→ WHAT NEEDS TO BE DONE
Please write out the listing exactly, leaving each picture out.

→ INFORMATION SUPPLIED
○ ○ ○

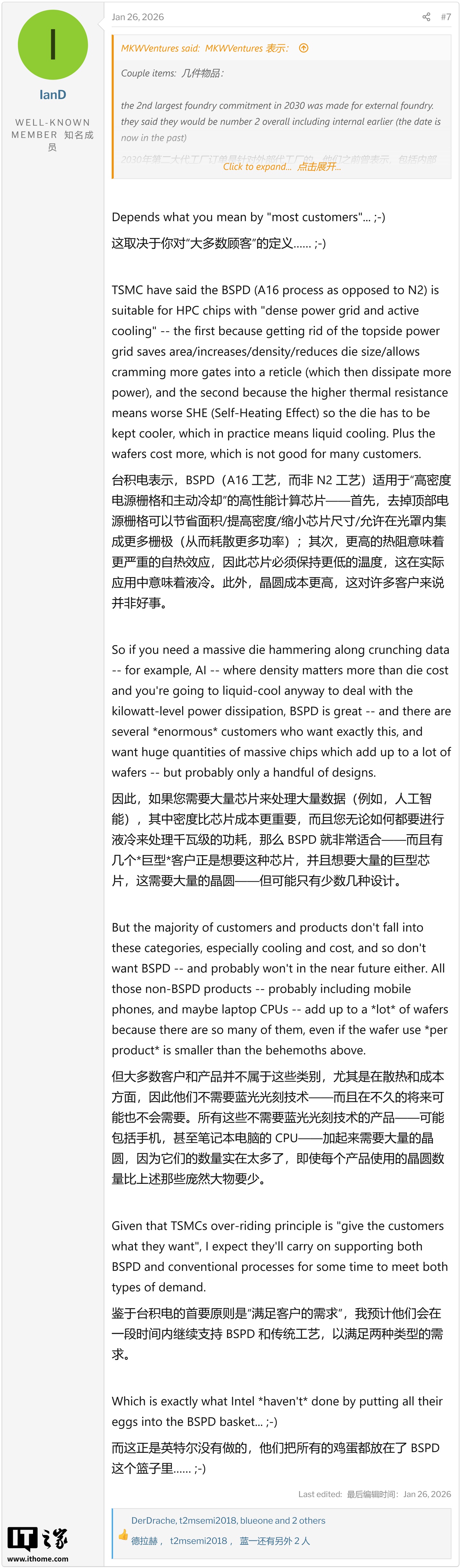 行业专家 IanD 指出在保持相同芯片核心温度(Hotspots)的前提下,采用 BSPD 技术的芯片需要散热器温度降低约 20°C 才能维持热平衡。IT之家附上相关截图如下:
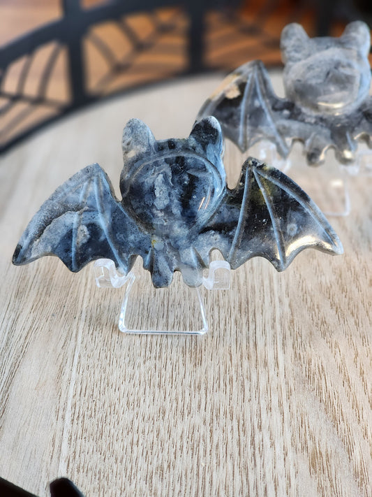 Cute Crystal Bat! | Pyrite in Quartz | Gray Vampire Bat Carving | Halloween Crystals | Gothcore | Spooky Season | Intuitively Chosen
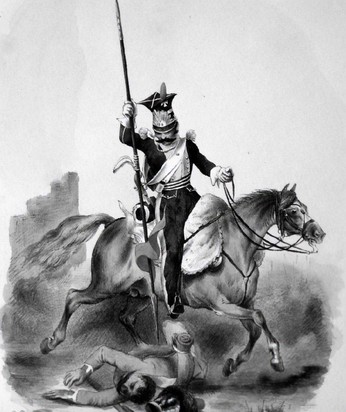虽然卢博米尔斯基声称能够从他家的庞大庄园里弄来一千个枪骑兵好手,但布耶等人最终还是得依靠原来隶属于波旁王朝法军的瑞士人、德意志雇佣兵乃至法军逃兵,才能勉强把全团兵力维持在三四百人,而且这些家伙虽然制服、装备、武器都像足了技艺娴熟的波兰枪骑兵,可连使用骑枪都得现学,如此空有其名的枪骑兵自然谈不上什么战绩,也不会给英军留下太好的印象,后来就干脆人尽其才物尽其用,被投放到疾病死亡率极高的加勒比海岛屿充当步兵使用,最终于1796年解散了事。至此之后,英军再度遭遇成建制的枪骑兵已经是整整15年之后的事情了,这一回,他们不幸在1811年5月16日的阿尔武埃拉战场,碰上了法军中经验最老道的波兰枪骑兵部队:维斯瓦河军团第1枪骑兵团(1erRégimentdelanciers,LégiondelaVistula),附带一提,这支部队隶属于法军而非当时的华沙大公国军队,当年年底正式改编为法军第7枪骑兵团。

○ ○ ○

→ OUTPUT OF THE EXERCISE
 行业专家 IanD 指出在保持相同芯片核心温度(Hotspots)的前提下,采用 BSPD 技术的芯片需要散热器温度降低约 20°C 才能维持热平衡。IT之家附上相关截图如下:
 Cute Crystal Bat! | Pyrite in Quartz | Gray Vampire Bat Carving | Halloween Crystals | Gothcore | Spooky Season | Intuitively Chosen
虽然卢博米尔斯基声称能够从他家的庞大庄园里弄来一千个枪骑兵好手,但布耶等人最终还是得依靠原来隶属于波旁王朝法军的瑞士人、德意志雇佣兵乃至法军逃兵,才能勉强把全团兵力维持在三四百人,而且这些家伙虽然制服、装备、武器都像足了技艺娴熟的波兰枪骑兵,可连使用骑枪都得现学,如此空有其名的枪骑兵自然谈不上什么战绩,也不会给英军留下太好的印象,后来就干脆人尽其才物尽其用,被投放到疾病死亡率极高的加勒比海岛屿充当步兵使用,最终于1796年解散了事。至此之后,英军再度遭遇成建制的枪骑兵已经是整整15年之后的事情了,这一回,他们不幸在1811年5月16日的阿尔武埃拉战场,碰上了法军中经验最老道的波兰枪骑兵部队:维斯瓦河军团第1枪骑兵团(1erRégimentdelanciers,LégiondelaVistula),附带一提,这支部队隶属于法军而非当时的华沙大公国军队,当年年底正式改编为法军第7枪骑兵团。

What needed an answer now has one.